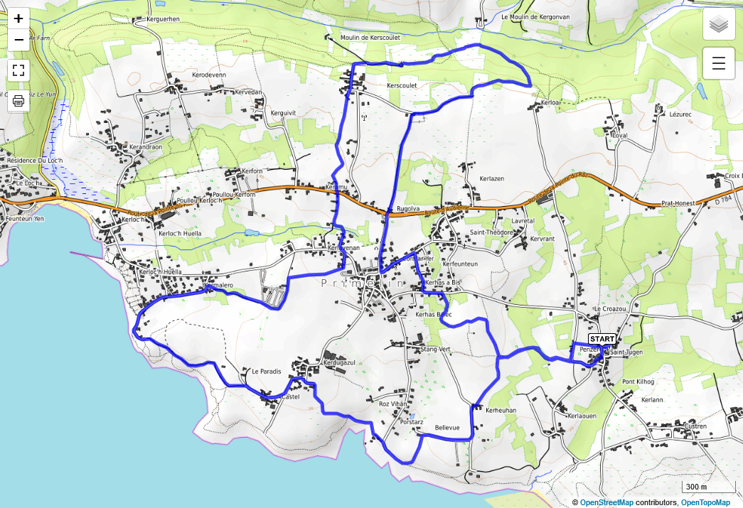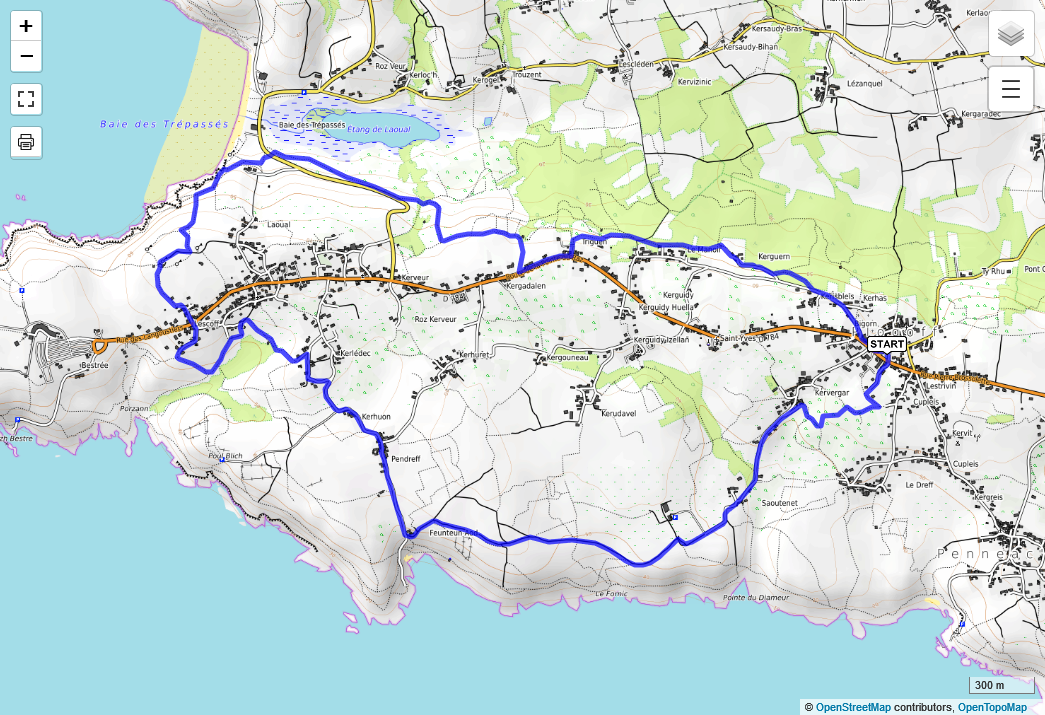 Distance 11 Km ; dénivellé : 100 m. Départ : Chapelle St Tugen ref : CA70 du 2021-10-12
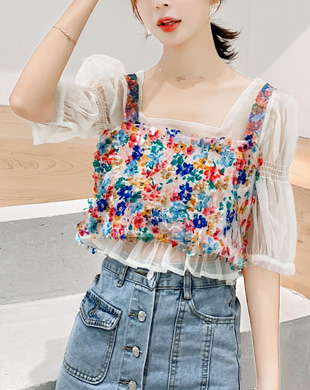 - [2XL까지] 플로리 시스루 뷔스티에 탑 세트 / 시스루 블라우스, 시스루셔츠, 오버핏블라우스, 청담동며느리, 시스루블라우스, 리넨블라우스, 40대원피스, 미시원피스, 수입여성의류, 중년여성원피스, 모임룩
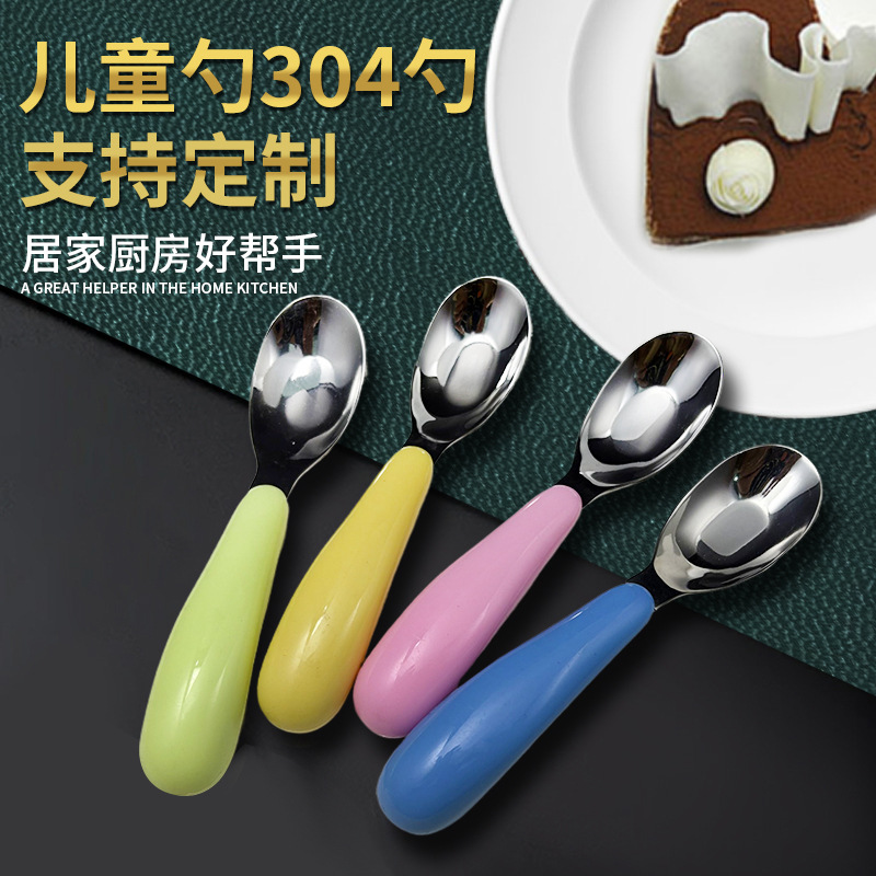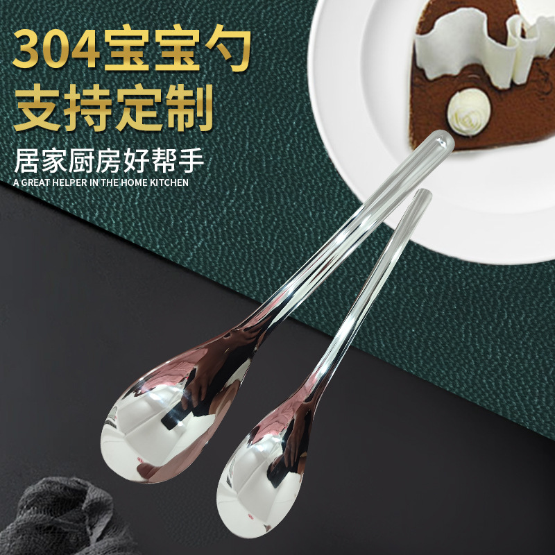 厂家供应304不锈钢儿童勺 儿童吃饭勺餐具加厚长柄不锈钢勺喂饭
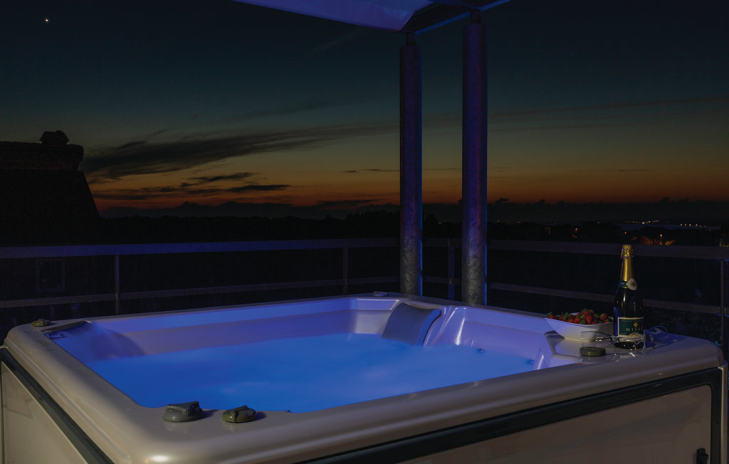 Bien-être à l'extérieur : Location de vacances disposant de chaises-longues et d'un ou plusieurs équipements tels que piscine extérieure, jacuzzi extérieur, lit à baldaquin de jardin etc...

_ _ _ _ _ _ _

Extract the run of lines from the line holding "- [2XL까지] 플로리" through the final line of the material above, exactly and inclusively. Leave the pictures behind.

 - [2XL까지] 플로리 시스루 뷔스티에 탑 세트 / 시스루 블라우스, 시스루셔츠, 오버핏블라우스, 청담동며느리, 시스루블라우스, 리넨블라우스, 40대원피스, 미시원피스, 수입여성의류, 중년여성원피스, 모임룩
 厂家供应304不锈钢儿童勺 儿童吃饭勺餐具加厚长柄不锈钢勺喂饭
 Bien-être à l'extérieur : Location de vacances disposant de chaises-longues et d'un ou plusieurs équipements tels que piscine extérieure, jacuzzi extérieur, lit à baldaquin de jardin etc...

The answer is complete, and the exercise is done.